Control participants were drawn from the same geographic area and matched on age, sex, and ethnicity to patients, but differed on other sociodemographic variables, nonverbal IQ and numeracy (although notably, not working memory), and depression/anxiety (Table 1). Also, in addition to recent use, the OUD subgroups differed from each other on years of use and current OUD severity and medication dose (which index, in part, current use severity).

Behavioral task.

Participants completed a task, validated for the remote and in-person settings (30), involving choices aimed at maximizing an overall point total across three phases (learning, transfer, and explicit; Fig. 1A). The task was administered through an online portal with an experimenter present (see Supplement for details). Participants were instructed to choose options likely to yield more points, and that one of the two options in each pair would, on average, yield more points than the other. In each trial of the learning phase, the points associated with both the chosen and unchosen options were shown. In all other phases, no point outcomes were shown. Compensation was $10-15/hour plus a bonus based on the cumulative points earned across the three phases at an exchange rate of 10 pts.=$0.05.
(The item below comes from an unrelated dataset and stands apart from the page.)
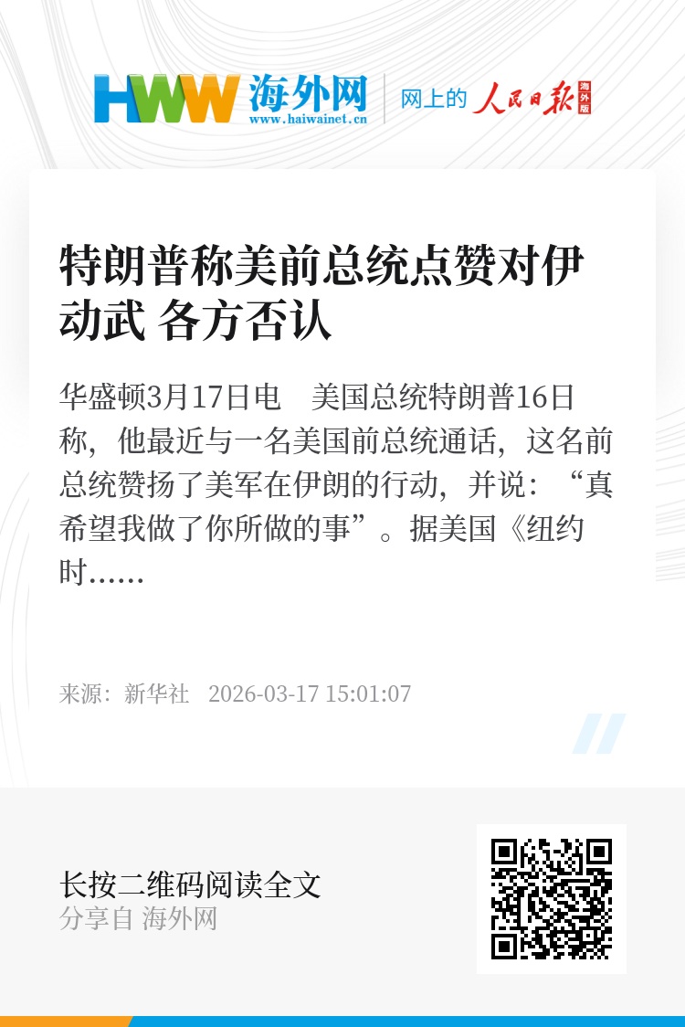 新华社华盛顿3月17日电 美国总统特朗普16日称,他最近与一名美国前总统通话,这名前总统赞扬了美军在伊朗的行动,并说:“真希望我做了你所做的事”。

Fig. 1. Experimental design.

Fig. 1.

(A) Following clinical state questionnaires and a short instructions and training phase with the experimenter, participants completed three task phases: learning, transfer, and explicit phase. (B) During the learning phase, abstract cues were paired to form two expected value (EV) contexts: WIDE (ΔEV=5) and NARROW (ΔEV=0.5) that were presented in four blocks (two of each context in fully randomized order). Participants learned by trial-and-error which was the better (more valuable) option in each pair in each context while receiving complete feedback on the chosen and unchosen options in each trial. (C) During the transfer phase, cues were rearranged to form four new pairs (presented in four blocks in randomized order), with the ΔEV=1.75 pair being key in testing model predictions. As there was no additional feedback in this phase, participants had to extrapolate cue values acquired during the learning phase. If these values are learned as range-adapted values, performance for this pair is predicted to be below-chance level (Fig. 2). Finally, during the explicit phase, we probed choice for explicitly stated probabilistic outcomes in the EV range available in the transfer phase to assess lower-level decision processes related to probability and magnitude sensitivity. All trials were self-paced and separated by a 500 ms delay. Outcomes were presented as points in the learning phase and “?” in the transfer phase for 1000 ms.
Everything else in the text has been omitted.